La vida breve, de Juan Carlos Onetti (Debolsillo) | por Juan Jiménez García

Juan Carlos Onetti | La vida breve

Leí La vida breve en busca de algo recordado. Ese algo recordado era mi primera lectura de Juan Carlos Onetti. Pienso en ella como algo no demasiado lejano (y sin embargo no puede ser así). Perdido el sentido del tiempo, quedaba el sentido de una página, una página que me había conmocionado, y nada recordaba de ella. Un fragmento en unas escaleras, y nada recordaba de ella. Sí, estaba Santa María. Mi primera lectura está irremediablemente unida a un verano. Unos días de verano en el pueblo, un piso alquilado por mis padres, junto con mis tíos, cerca de la rambla, de esa calle de tómbolas y quincallas. También de alguna atracción de feria, que aún en el sopor de las horas de siesta, hacía sonar su música, esa música de atracción de feria. Yo leía tumbado en la cama, mientras los demás dormían. Y era feliz. Con esa felicidad que pide tan poco y que no sabemos cómo reproducir, atrapados en el torbellino de nuestras confusiones contemporáneas. Entonces, ahora, pensé que entonces leía La vida breve y que, ahora, de nuevo, años después, debía volver a empezar por ese único libro leído. Pero no tardé mucho en advertir que no eran el mismo libro. Pero si no este, ¿cuál? No lo sé. Tal vez nada existió. Ni aquellos días, ni aquella feria, ni aquella cama, ni esa Santa María. 

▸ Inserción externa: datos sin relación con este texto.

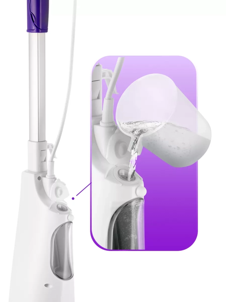 В комплекте есть рамка для ковра, которая обеспечивает легкое скольжение щетки для пола по ковру. С помощью мерного стакана из комплекта удобно заполнять резервуар для воды.

En La vida breve, su protagonista, Juan María Brausen, está prisionero de su presente. Su presente es la cicatriz de un cáncer extirpado a su mujer, Gertrudis. La herida. Su presente son las voces al otro lado de la pared. Es otra mujer, la Queca. Y su presente es esa agencia de publicidad para la que trabaja, pero en la que ya no le queda mucho. Para escapar de su presente, imagina al doctor Diaz Gray, que vive en un rincón de su imaginación, llamado Santa María. Imagina al doctor Diaz Gray y a una mujer misteriosa, que aparece un día en el pueblo y en su consulta, Elena Sala. Y desde ese momento, todas estas mujeres y alguna otra poblaran la realidad y esa otra realidad que solo está en su cabeza. Y todo es una huida, hasta que hay una huida real. Pérdidas, una sucesión de pérdidas, una ensoñación de tiempos, personajes y lugares. Frecuentar abismos, habitar melancolías y tristezas, trazar límites y caminar por esos límites.  

Juan Carlos Onetti empezó con ella Santa María. Empezó también una segunda época, que sería una tercera en su exilio español, en el que tuvo que reencontrar su escritura, perdida en el viaje. La consideró siempre como su mejor novela (dicen, pero le oí decir que eran Los adioses), y un escritor como Mario Levrero, recordaba su cuarto capítulo, Naturaleza muerta (en realidad recordaba mal: era el séptimo) como uno de esos momentos importantes de la literatura latinoamericana. Es difícil escribir sobre aquello sobre lo que ya se han escrito cientos, miles de páginas. Pretender decir algo nuevo, cuando todo es precisamente inédito, cuando poco importa. Sin embargo, aun en el intento, no podemos escapar a la necesidad de la lectura. Porque en el escritor uruguayo, en esa lectura, en esa misma naturaleza muerta, está contenido algo que difícilmente podremos verbalizar. Un temblor. Un vértigo.  

Leo la introducción de Hortensia Campanella a sus obras completas, publicadas por Galaxia Gutenberg. En ella dice que su obra habla de la incomunicación, el fracaso, el pesimismo vital, el erotismo complicado. Y más adelante, cuando escribe sobre su primera novela, El pozo, encuentra en ella esto mismo y eso mismo que será una y una vez más: la frustración ante la incomunicación con el otro, la sensación de fracaso y de soledad que ello reporta al individuo, la búsqueda de nuevos resultados para esta ecuación mediante el amor, la presencia de la muchacha como criatura pura que necesariamente sufrirá quebranto, la alteración de los planos de la realidad a través de los sueños, empleados como medio para trascender ese cúmulo de insatisfacciones. Me gusta porque son unas líneas que prueban a encerrar el aire de muchas obras. A partir de aquí, estamos solos. Onetti solo entendía escribir. Vivir era escribir. Escribir era contar. Leer es esperar. Pienso.